State Reform Party Sarawak (STAR) president Lina Soo said this in response to the statement by the Sarawak Consultative Committee on MA63.
She, however, supported the Sarawak government’s resolve to carry through with the five per cent Sarawak sales tax on petroleum products and the proposal to the federal government to lower the 38 per cent Petroleum Income Tax.
     “In view of the federal government now attempting to cut off its allocations with inadequate funding for our schools, federal roads and bridges, the answer lies in increasing the Sarawak petroleum sales tax to 20 per cent,” she suggested.
“There is no reason why Sarawak as landowner is getting much less revenue from its oil and gas compared to the federal government.”
STAR also supports the four non-negotiable rights – immigration, state legislation vis-à-vis federal laws, Sarawak’s territorial sovereignty (border and sea), and resources.
        As landowner, Soo maintains that Sarawak is entitled to all property rights and economic rights of its resources, including oil and gas, over its land and territory.
However, Soo regretted that the declaration of the Sarawak Consultative Committee on MA63, though excellent in principle, fell short on specifics.
      “The committee has failed to convince, on how the Sarawak government will take the necessary constitutional steps to safeguard Sarawak’s territorial integrity and claim ownership of its oil and gas for future generations,” she stressed.
Since the discord with Petronas over the state’s oil and gas rights emerged, STAR has consistently urged that the Sarawak government pass a law in the State Legislative Assembly (DUN) to repudiate the Petroleum Development Act (PDA) and Territorial Sea Act (TSA).
     “This constitutional provision must be formalised and gazetted by DUN to lock in our sovereignty over our natural resources for our future generations.
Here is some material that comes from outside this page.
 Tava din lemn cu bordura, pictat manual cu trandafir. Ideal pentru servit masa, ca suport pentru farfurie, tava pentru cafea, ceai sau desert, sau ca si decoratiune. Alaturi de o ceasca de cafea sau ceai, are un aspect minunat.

If as what CM (Chief Minister of) Sarawak has said that he believes silence means consent, our silence on both Acts may be construed as consent and acquiescence. This would be fatal to our future generations,” she warned.
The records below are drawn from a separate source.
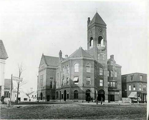 A B/W photograph of the Old Town Hall and Boardman's Store. Undated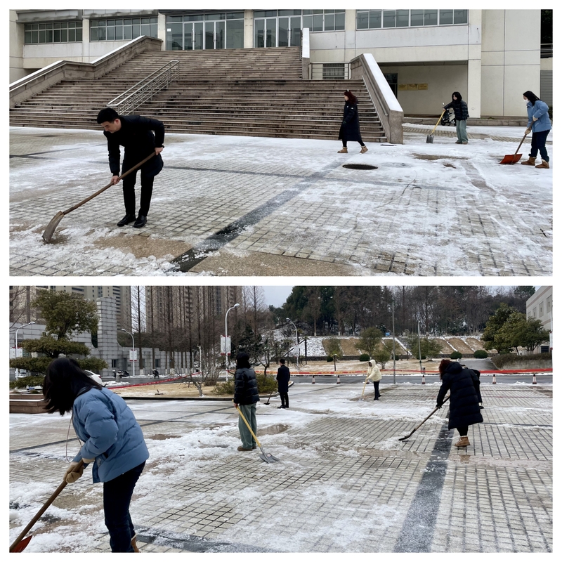 2月23日上午,诸侯快讯ok1133.com党总支副书记邵叶鑫、全体辅导员等学院教职工自觉加入除冰铲雪活动。师生不畏天气寒冷和路面湿滑,彼此配合默契,分组对电子电工实验楼广场及周边区域的积雪结冰开展进一步清理工作,确保校内道路畅通和师生安全出行。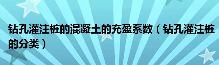 您好,今天帅帅来为大家解答以上的问题。钻孔灌注桩的混凝土的充盈系数,钻孔灌注桩的分类相信很多小伙伴还不知道,现在让我们一起来看看吧!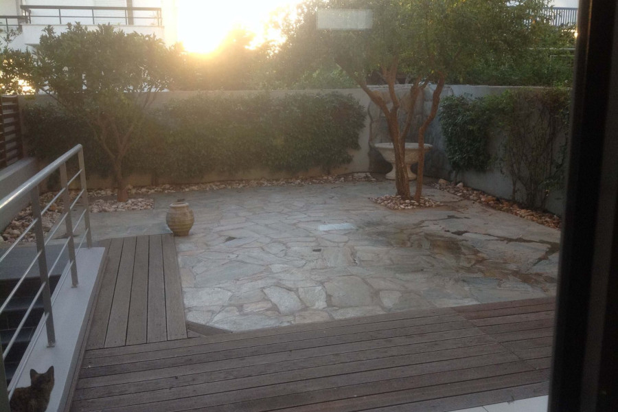 Back terrace with fruit trees, front terrace, garden and outdoor stone shower

On Petronas’ position in Sarawak, Soo says that the Sarawak Oil Mining Ordinance (OMO) is very clear and that all oil mining companies exploring, prospecting and mining oil and gas in Sarawak must apply for the necessary permits and pay all dues.
      “It is as clear as daylight that no oil mining company can operate without observing our Sarawak laws, as no oil mining company can be bigger than the State of Sarawak,” she stressed.
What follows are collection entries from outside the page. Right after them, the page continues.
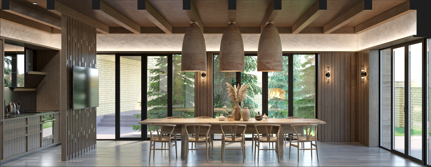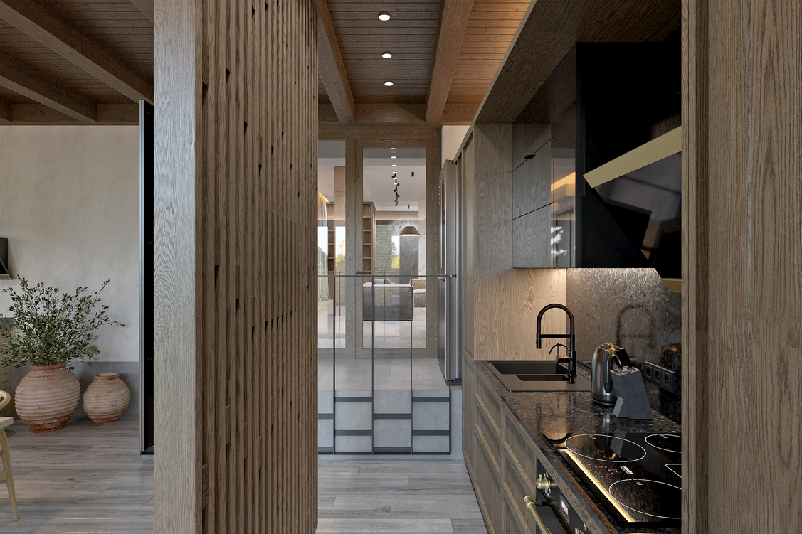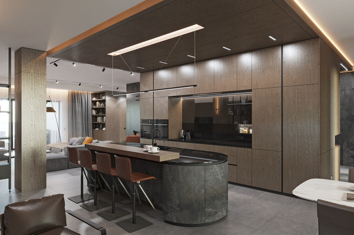 Зону кухні підкреслює шпонований дерев’яний плафон з вбудованим освітленням, який додає інтер’єру глибини та затишку.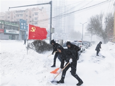 鐵路街道轄區(qū),12輛小鏟車、4輛大鏟車的發(fā)動機(jī)滾燙,全體街居干部、物業(yè)公司、保潔大隊(duì),派出所和交警大隊(duì)等部門人員幾十人凍得手腳發(fā)麻也沒有放下手中的雪鏟,暴風(fēng)雪中,他們第一時(shí)間守在清雪保暢通的前沿陣地,“我們的目標(biāo)是‘雪停路凈’,一定要保障好群眾的安全出行。”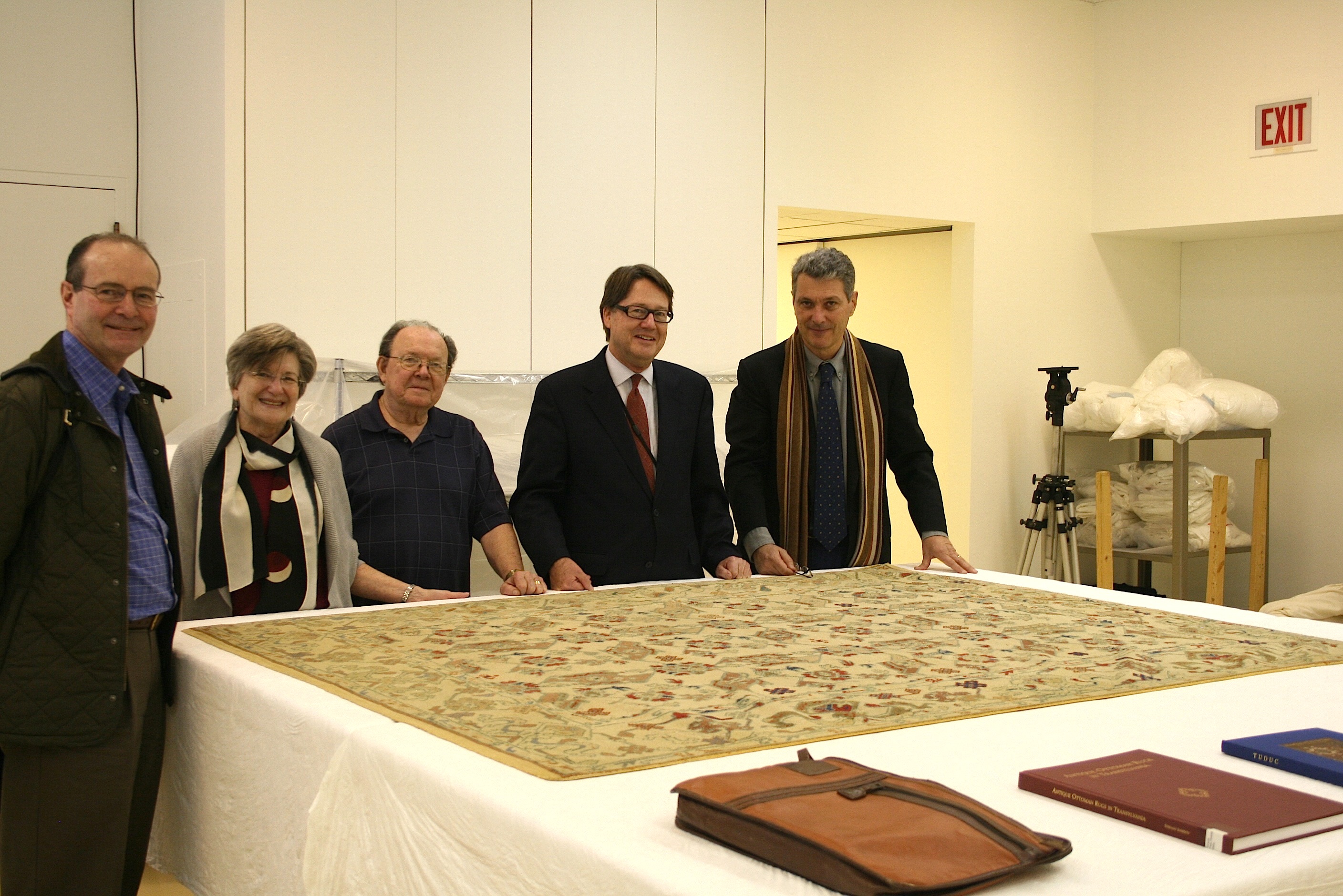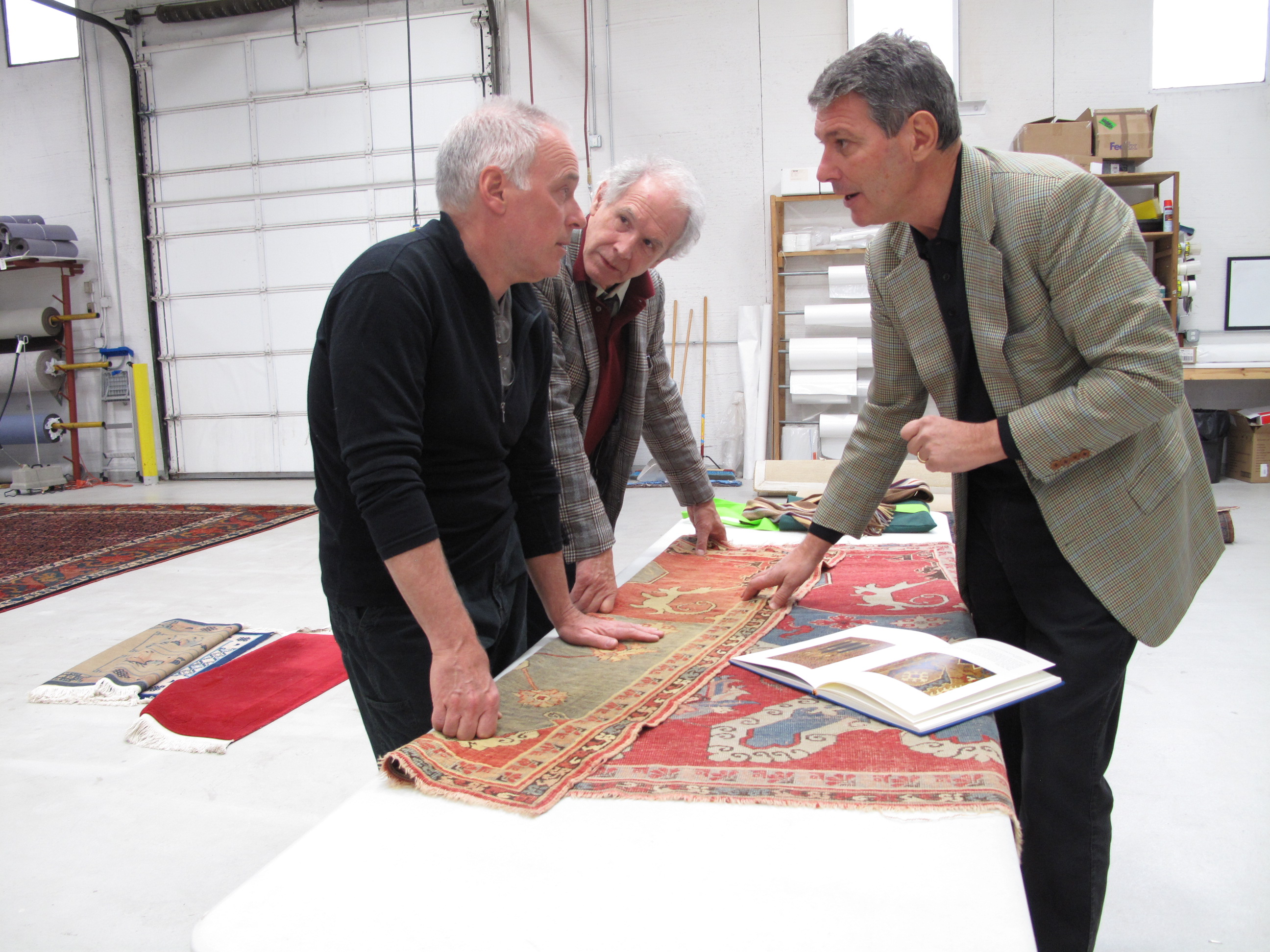 Robert Mann, Paul Ramsey and Stefano Ionescu discussing a Tuduc rug

Soo reiterated her call to enforce the regulation that non-Sarawakians must produce their passports upon entry in the state and departure.
    “This is the clearest signal of our immigration autonomy,” she said.
On the issue that Sarawak land placed under the Federal Land Commission be returned to Sarawak, Soo fully supports and looks forward to the return of the huge parcel of land at Matang allocated to the federal government which is now a grass-growing eyesore.
      Also on the return of assets under federal control back to Sarawak, Soo proposed that the Sarawak government take over the federal-owned Bintulu Port as it had done for Bakun Dam.
   “After all, Bintulu Port is used to ship out Sarawak’s oil and gas, which is a Sarawak resource.”
     Soo urged Sarawakians to support the government’s stand as laid out by Chief Minister Datuk Patinggi Abang Johari Tun Openg, a wish coming true if indeed the federal government accepts and respects Sarawak’s rights.
  “In fact, Sarawak rights rest with the Sarawak government and no one else, as it is the duty of the Sarawak government to formulate, legislate and enforce the law on Sarawak rights in the interests of the people and for future generations, which has been blatantly ignored for all of 56 years.”
    Doubts and concerns may be cast upon the effectiveness of such proposal taken so far as to warrant its legitimacy as it has taken both federal and state governments 56 years to acknowledge the failure to comply with MA63; and as without the participation of the principal signatory, the British Government, this may mean the MA63 has fallen into disuse and is no longer binding. After all, MA63 is an international treaty and bound by the International Law on Treaties, concludes Soo.